Whether they’re building a new product or improving a process or feature, developers and IT leaders need data and insights to make informed decisions.
When it comes to software development, this data exists in two ways: unstructured and structured. While structured data follows a specific and predefined format, unstructured data—like email, an audio or visual file, code comment, or commit message—doesn’t. This makes unstructured data hard to organize and interpret, which means teams can miss out on potentially valuable insights.
To make the most of their unstructured data, development teams are turning to retrieval-augmented generation, or RAG, a method for customizing large language models (LLMs). They can use RAG to keep LLMs up to date with organizational knowledge and the latest information available on the web. They can also use RAG and LLMs to surface and extract insights from unstructured data.
GitHub data scientists, Pam Moriarty and Jessica Guo, explain unstructured data’s unique value in software development, and how developers and organizations can use RAG to create greater efficiency and value in the development process.
When it comes to software development, unstructured data includes source code and the context surrounding it, as these sources of information don’t follow a predefined format.
Here are some examples of unstructured data on GitHub:
The same features that make unstructured data valuable also make it hard to analyze.
Unstructured data lacks inherent organization, as it often consists of free-form text, images, or multimedia content.
“Without clear boundaries or predefined formats, extracting meaningful information from unstructured data becomes very challenging,” Guo says.
But LLMs can help to identify complex patterns in unstructured data—especially text. Though not all unstructured data is text, a lot of text is unstructured. And LLMs can help you to analyze it.
“When dealing with ambiguous, semi-structured or unstructured data, LLMs dramatically excel at identifying patterns, sentiments, entities, and topics within text data and uncover valuable insights that might otherwise remain hidden,” Guo explains.
Need a refresher on LLMs? Check out our AI explainers, guides, and best practices > |
Here are a few reasons why developers and IT leaders might consider using RAG-powered LLMs to leverage unstructured data:
Accelerate and deepen understanding of an existing codebase—including its conventions, functions, common issues, and bugs. Understanding and familiarizing yourself with code written by another developer is a persisting challenge for several reasons, including but not limited to: code complexity, use of different coding styles, a lack of documentation, use of legacy code or deprecated libraries and APIs, and the buildup of technical debt from quick fixes and workarounds.
RAG can help to mediate these pain points by enabling developers to ask and receive answers in natural language about a specific codebase. It can also guide developers to relevant documentation or existing solutions.
Accelerated and deepened understanding of a codebase enables junior developers to contribute their first pull request with less onboarding time and senior developers to mitigate live site incidents, even when they’re unfamiliar with the service that’s failing. It also means that legacy code suffering from “code rot” and natural aging can be more quickly modernized and easily maintained.
Unstructured data doesn’t just help to improve development processes. It can also improve product decisions by surfacing user pain points.
Moriarty says, “Structured data might show a user’s decision to upgrade or renew a subscription, or how frequently they use a product or not. While those decisions represent the user’s attitude and feelings toward the product, it’s not a complete representation. Unstructured data allows for more nuanced and qualitative feedback, making for a more complete picture.”
A lot of information and feedback is shared during informal discussions, whether those discussions happen on a call, over email, on social platforms, or in an instant message. From these discussions, decision makers and builders can find helpful feedback to improve a service or product, and understand general public and user sentiment.

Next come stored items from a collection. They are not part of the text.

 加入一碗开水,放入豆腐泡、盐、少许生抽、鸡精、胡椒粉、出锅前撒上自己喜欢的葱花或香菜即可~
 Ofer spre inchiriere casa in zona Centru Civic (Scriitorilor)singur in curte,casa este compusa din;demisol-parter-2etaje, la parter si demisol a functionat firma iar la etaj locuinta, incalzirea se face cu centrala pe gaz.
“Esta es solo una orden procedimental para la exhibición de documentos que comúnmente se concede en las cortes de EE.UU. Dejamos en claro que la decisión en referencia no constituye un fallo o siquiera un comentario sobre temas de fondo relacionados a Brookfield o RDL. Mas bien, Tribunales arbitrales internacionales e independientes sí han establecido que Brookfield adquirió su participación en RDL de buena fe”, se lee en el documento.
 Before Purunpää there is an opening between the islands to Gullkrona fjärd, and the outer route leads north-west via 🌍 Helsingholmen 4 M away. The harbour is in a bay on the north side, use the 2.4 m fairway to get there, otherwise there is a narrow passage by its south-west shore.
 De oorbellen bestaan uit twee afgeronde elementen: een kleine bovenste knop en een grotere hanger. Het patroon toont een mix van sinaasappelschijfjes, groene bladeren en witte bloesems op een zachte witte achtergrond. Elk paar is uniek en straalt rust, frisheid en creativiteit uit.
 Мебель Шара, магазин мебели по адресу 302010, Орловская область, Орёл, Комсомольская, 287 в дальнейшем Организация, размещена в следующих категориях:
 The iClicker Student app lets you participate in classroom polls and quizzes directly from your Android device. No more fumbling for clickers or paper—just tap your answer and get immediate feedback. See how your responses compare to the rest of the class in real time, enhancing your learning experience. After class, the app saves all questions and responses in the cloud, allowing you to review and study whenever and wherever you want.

Contrary to unstructured data, structured data—like relational databases, Protobuf files, and configuration files—follows a specific and predefined format.

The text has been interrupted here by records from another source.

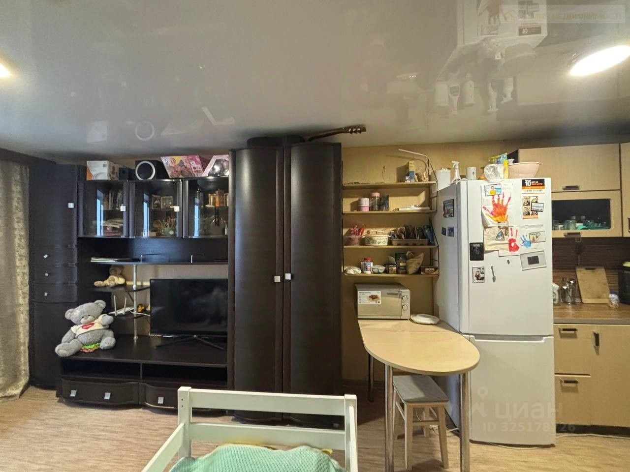 В комнате оборудована кухонная зона, зона прихожей. Оставляем: стенку-горку, кухонный гарнитур, сплит-систему, мебель в зоне прихожей (шкаф, вешалка настенная, обувница), стол кухонный, стулья, шторы, осветительные приборы. Одним словом заезжай и живи.
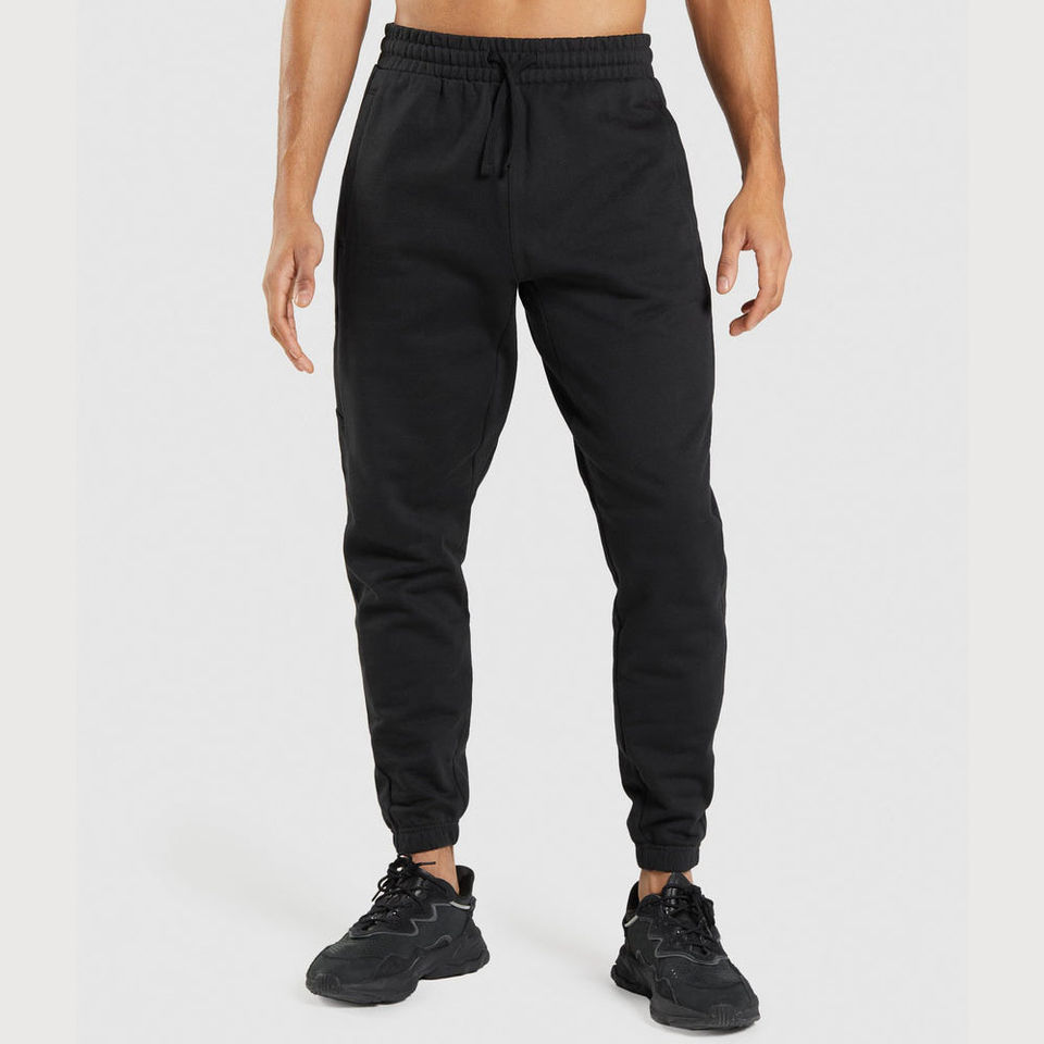 กางเกงจ็อกเกอร์ผู้ชายขายดี ผ้าฟลีซพิมพ์ลาย 100% ผ้าฝ้าย รับผลิตแบบ OEM สีพื้น ปรับแต่งได้ ทรงเข้ารูปที่ข้อเท้า กระเป๋าข้างสองข้าง สำหรับออกกำลังกาย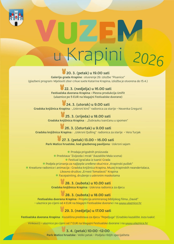 Grad Krapina i ove godine priprema bogat i raznolik program povodom uskrsnih blagdana kroz manifestaciju Vuzem u Krapini 2026, koja će tijekom ožujka i početkom travnja donijeti niz kulturnih, zabavnih i edukativnih događanja za sve generacije.

We’re not saying unstructured data is more valuable than structured. But the processes for analyzing structured data are more straightforward: you can use SQL functions to modify the data and traditional statistical methods to understand the relationship between different variables.
That’s not to say AI isn’t used for structured data analysis. “There’s a reason that machine learning, given its predictive power, is and continues to be widespread across industries that use data,” according to Moriarty.
However, “Structured data is often numeric, and numbers are simply easier to analyze for patterns than words are,” Moriarty says. Not to mention that methods for analyzing structured data have been around longer** **than those for analyzing unstructured data: “A longer history with more focus just means there are more established approaches, and more people are familiar with it,” she explains.
That’s why the demand to enhance structured data might seem less urgent, according to Guo. “The potential for transformative impact is significantly greater when applied to unstructured data,” she says.
With RAG, an LLM can use data sources beyond its training data to generate an output.
RAG is a prompting method that uses retrieval—a process for searching for and accessing information—to add more context to a prompt that generates an LLM response.
This method is designed to improve the quality and relevance of an LLM’s outputs. Additional data sources include a vector database, traditional database, or search engine. So, developers who use an enterprise AI tool equipped with RAG can receive AI outputs customized to their organization’s best practices and knowledge, and proprietary data.
We break down these data sources in our RAG explainer, but here’s a quick summary:
And when you’re engaging with GitHub Copilot Chat on GitHub.com or in the IDE, your query or code is transformed into an embedding. Our retrieval service then fetches relevant embeddings from the vector database for the repository you’ve indexed. These embeddings are turned back into text and code when they’re added to the prompt as additional context for the LLM. This entire process leverages unstructured data, even though the retrieval system uses embeddings internally.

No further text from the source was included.